It's a damn shame too. At first, I did not like the time aspect, but playing it again I've grown to like it as it allows more depth in world interaction. It's funny seeing how a simple event like getting that Inn reservation forces a poor Goron to sleep outside.
Yup. I've never understood how people can dislike the mechanic, MM is basically Ground Hog's Day: The Game. I guess people just don't realize that you can slow down time or just never the game a chance in the first place.
It's easily the most reactive Zelda game there is. Not in the sense that there's a million different ways to accomplish a goal like Deus Ex, more in that it's very dense with content that you'll only really see if you're looking for it or stalking a townsperson. People act differently not only based on some of the quests you've finished in some cases, but also depending on what mask you're wearing and what time of day it is. Go visit Romani Ranch on Day 3 without completing the UFO quest and the little girl is basically a husk. When a thief steals a bomb bag from an old woman, you can either slash the stolen bag free or just blow up the fucker with an arrow (which does end the quest immediately, but is funny to do).
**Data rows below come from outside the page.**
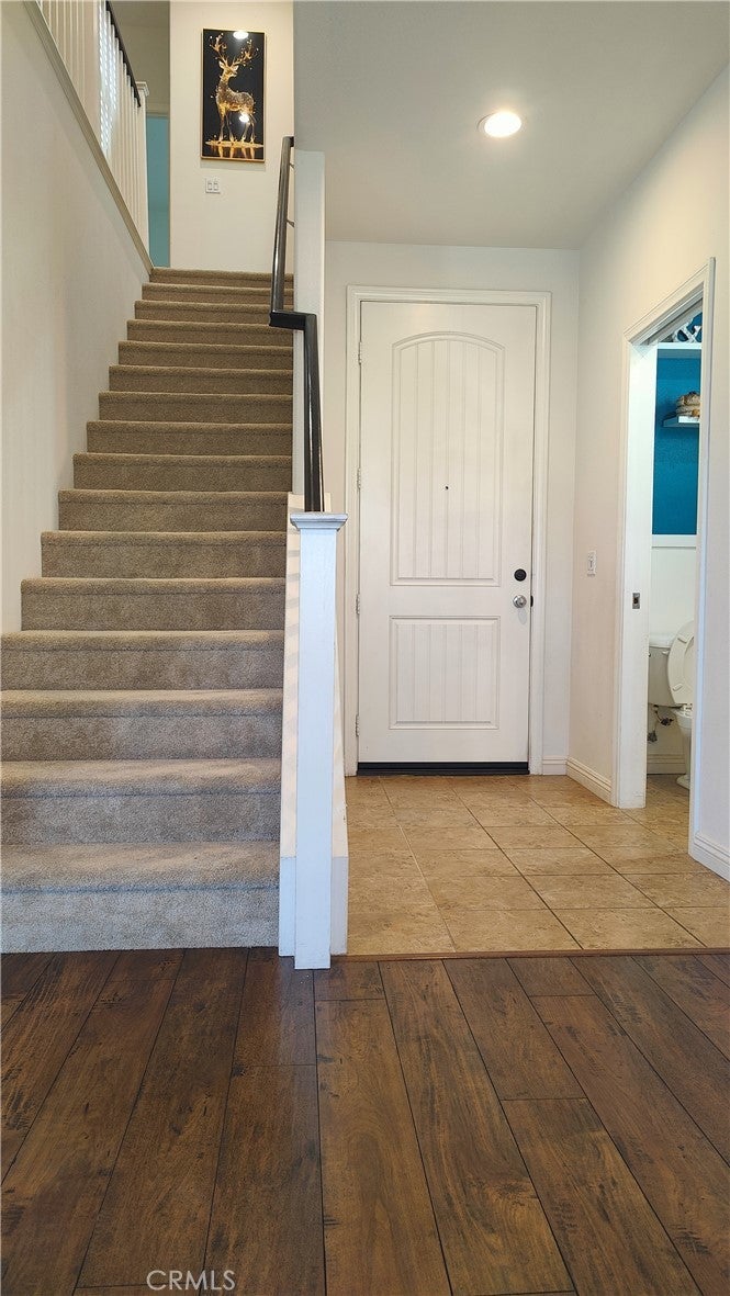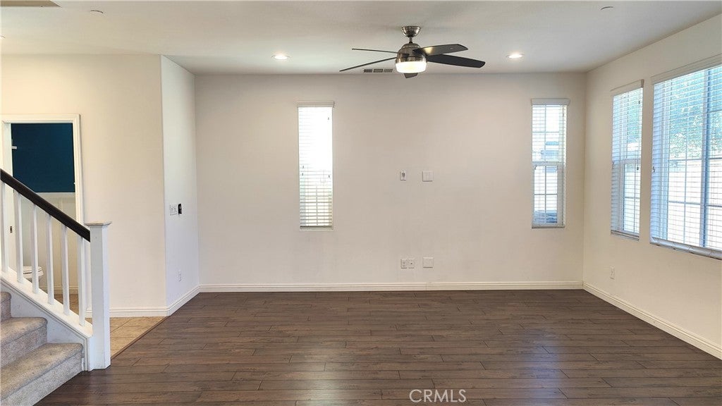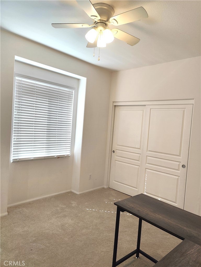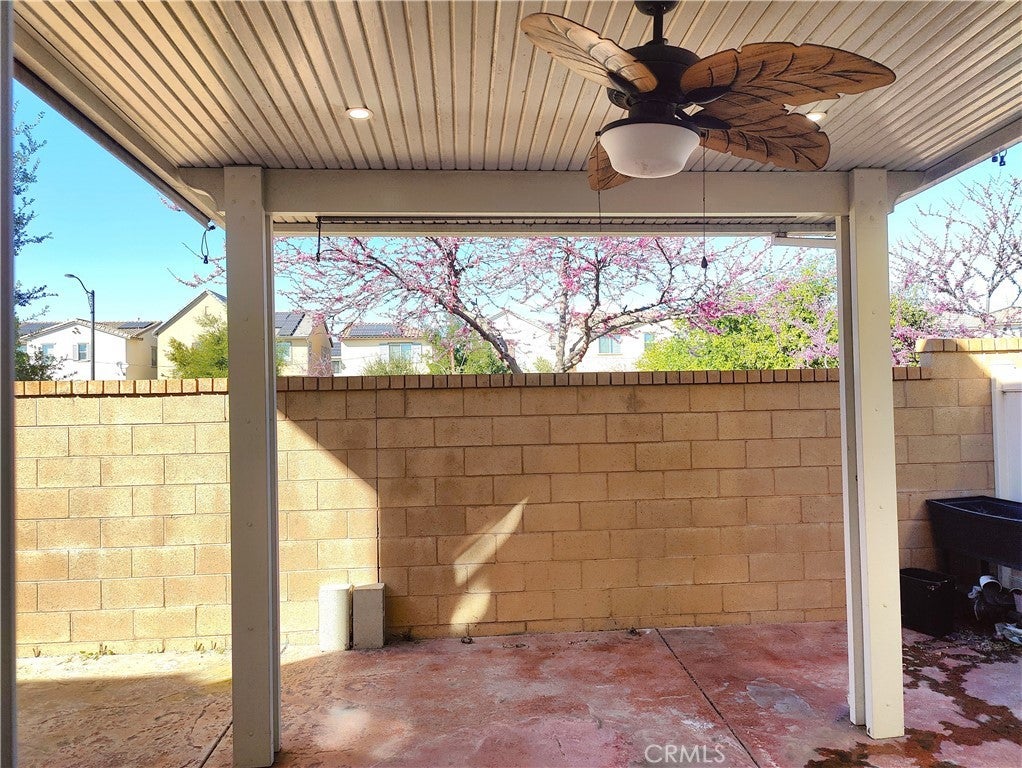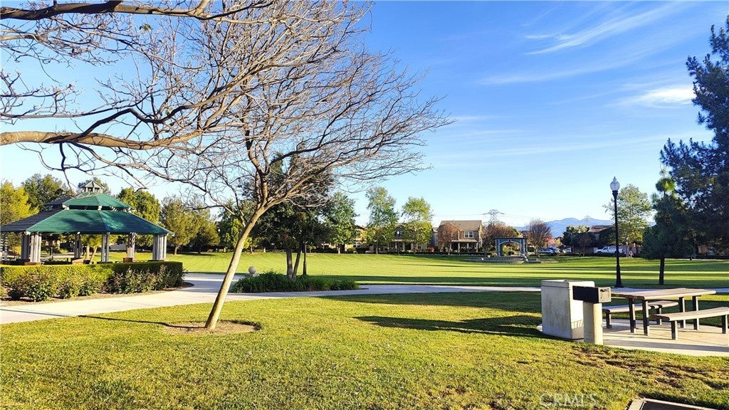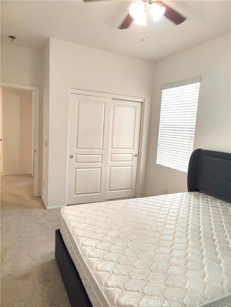Ontario Ranch detached single family 2 story home with 3 bedrooms, 2.5 baths, and 1758 square feet of comfortable living on a 2,430-square-foot lot lot. House with fully paid off Solar panels worth close to $30,000 so pretty much new homeowners don't have to pay any costly electricity bills. As you enter the house, there is a half bathroom and a good size living room and dining area with patio door to backyard. Also is good size grant countertops kitchen with stainless steal gas stove, range suction hood, dishwasher and a good size walk in closet and direct access to 2 car garage. Other upgrades include lamanite wood flooring for downstairs, upstairs with carpet and laundry room comes with washer and dryer. Upstairs have 2 good size bedrooms sharing a bathroom, and Master bedroom with walk in closets and good size master bathroom. Chip Smith HOA comes with amenities including a clubhouse with a movie theater, gym, banquet rooms, libraries, a game room, and office space, pool and park. Located in the heart of Ontario Ranch, CA, this home is close to big parks, schools, nearby shopping centers, dining, and entertainment, and close proximity to the 60, 71, 15, and 91 freeways. Backyard has flooring done with low maintenance and a patio with fan.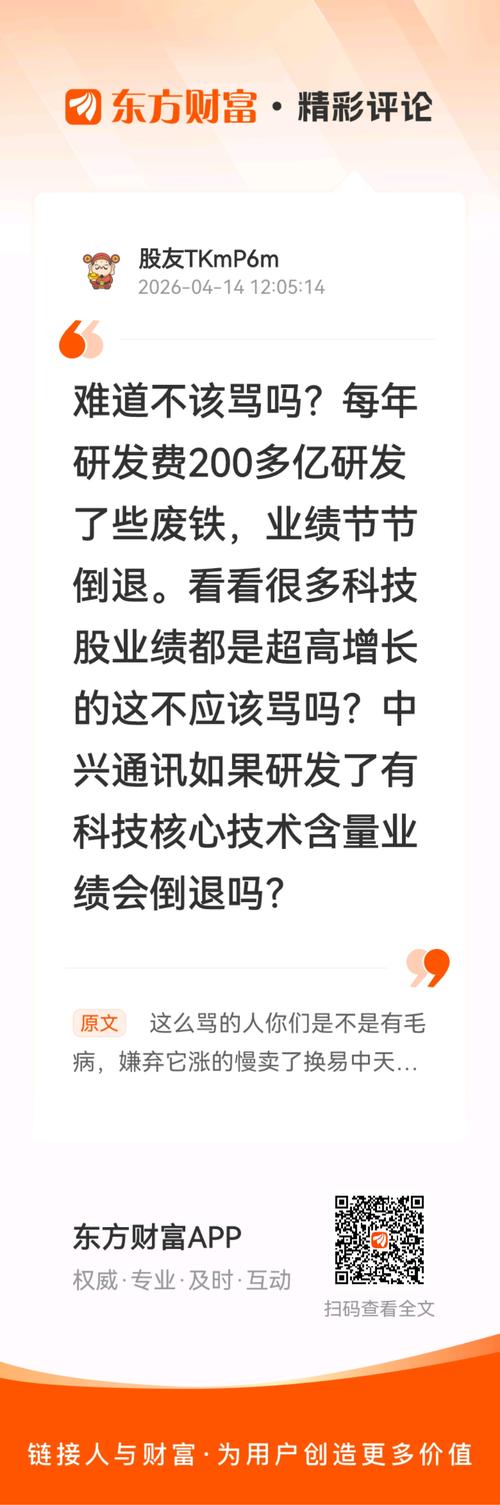 //@股友TKmP6m:难道不该骂吗?每年研发费200多亿研发了些废铁,业绩节节倒退。看看很多科技股业绩都是超高增长的这不应该骂吗?中兴通讯如果研发了有科技核心技术含量业绩会倒退吗?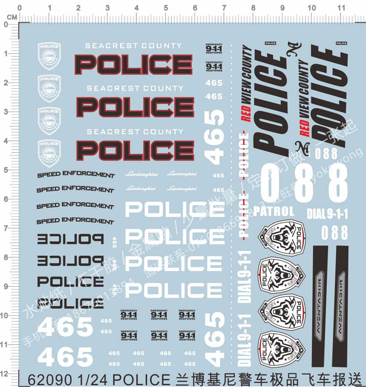 1 x 1/24 Scale Decals SEACREST COUNTY POLICE 911 for Car Model Kits 62090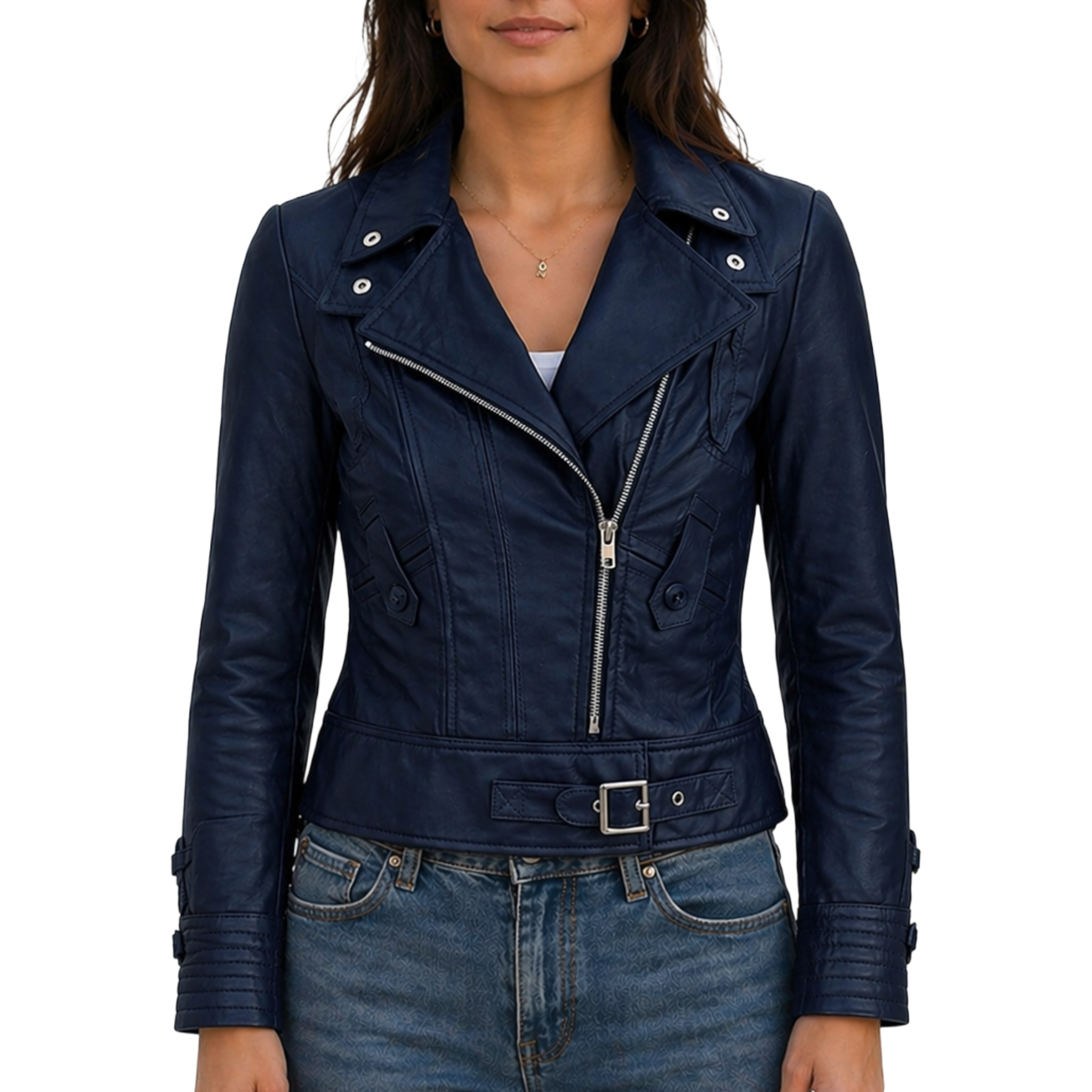 Women's Slim Fit Biker Motorcycle Jacket Upgrade your wardrobe with the Women's Real Leather Slim Fit Biker Motorcycle Jacket, a perfect blend of edgy biker style and modern elegance. Designed with a sleek slim-fit silhouette, this jacket enhances your natural shape while delivering a bold, confident look. Inspired by classic motorcycle fashion, it features a timeless design that works effortlessly for both casual and semi-formal occasions. Whether you're heading out for a ride, a casual day, or a night out, this jacket adds a stylish edge to any outfit.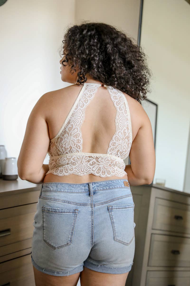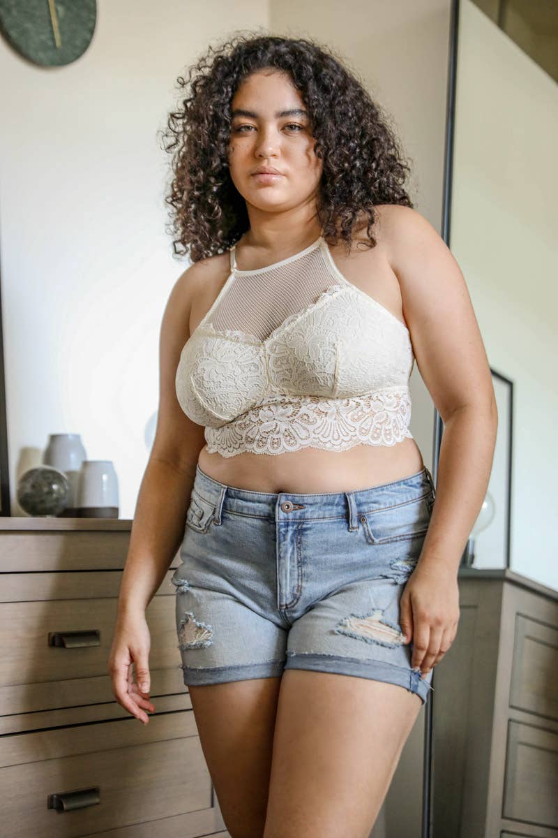 High neck cream colored bralette in cream lace. Has adjustable racerback straps.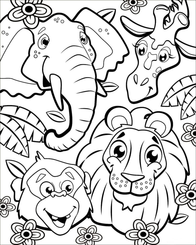 Jungle Animals Coloring Pages Free Printable Pages Cute Animals Coloring Pages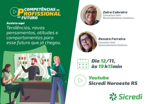 No dia 12 de novembro, próxima quinta-feira, a partir das 19h15min, no Youtube da Sicredi Noroeste RS, será transmitida o bate-papo ao vivo sobre as Competências do Profissional do Futuro, com as consultoras Zaira Cabreira e Renata Ferreira, da Seth Desenvolvimento Sistêmico.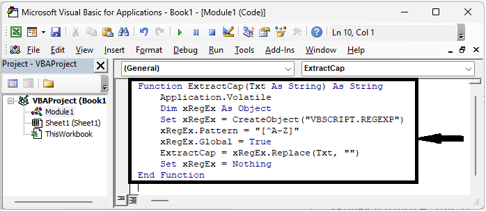 这里,我们将首先使用VBA创建一个用户自定义公式,然后使用该公式来完成任务。让我们来看一个简单的过程,了解如何在Excel中从文本字符串中提取大写字母或以大写字母开头的单词。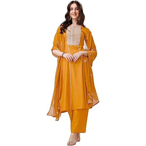 74 reviews for EthnicJunction Women’s Embroidered Thread Work Chinon A-Line Kurta Pant with Sequence Dupatta Set
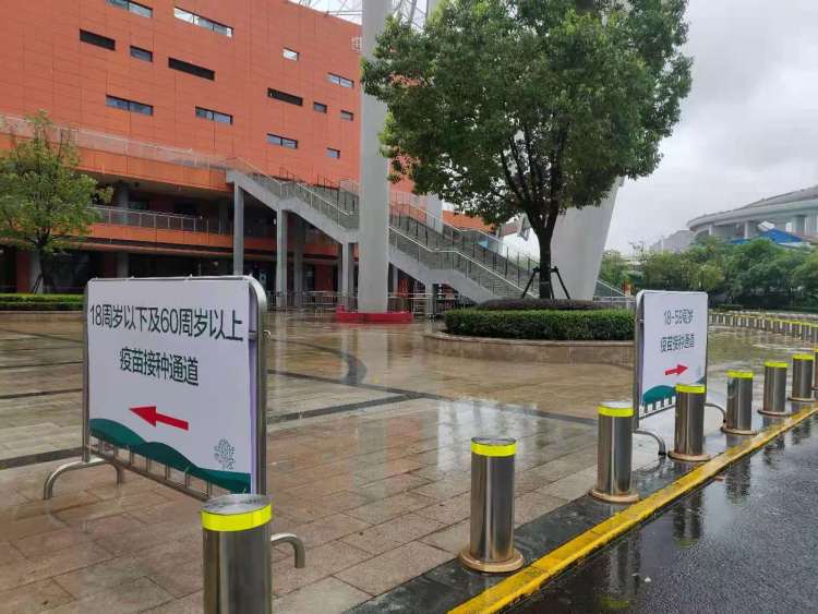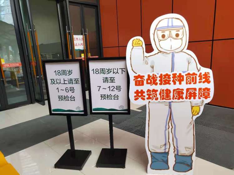 进入静安体育中心,记者看到了两块指示牌,一块指向的是18-59周岁疫苗接种通道,另一块指向的则是18周岁以下及60周岁以上疫苗接种通道。
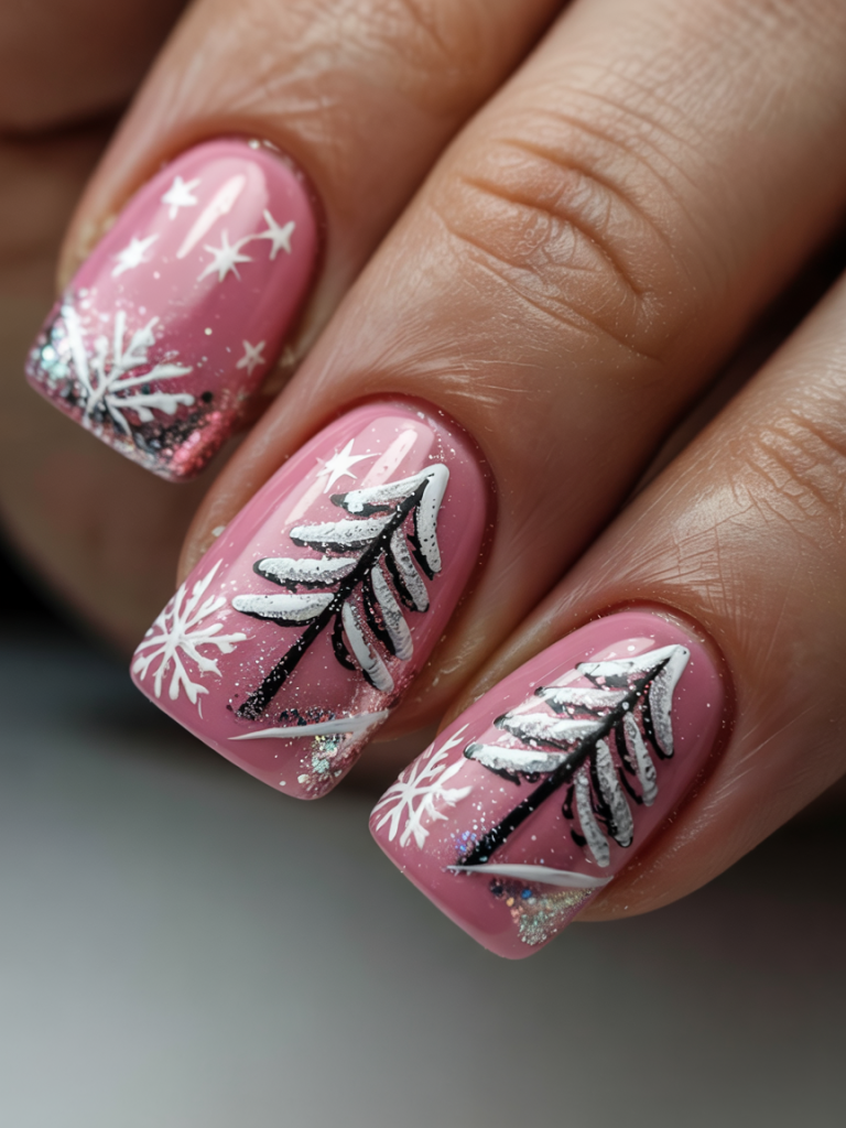 This one brings new ideas onto holiday nails. Pink base with glittery Christmas trees and snowflakes for whimsical and classy vibes. The sparkle catches light beautifully and gives the nails the magical glow of the holiday season.

There's even the little touches like the slutty girl who runs the treasure chest mini game charging the roguish, teen heart-throb Zora Link less rupees than she does fat doofus Goron Link :patriot:
What did you think of Twilight Princess?
My feelings on TP are pretty much 'meh'. I only played through it once, and never had the desire to really touch it again. I was absolutely psyched for it when it was announced and watched the trailers obsessively. I mean, who could forget?
I'm not the toughest critic, but I don't think the game that was released was 'bad' per se. It just didn't live up to the hype and really failed to do anything as exemplary as the other games in the series. Most of my complaints about the game you'll probably find repeated by other people on the internet.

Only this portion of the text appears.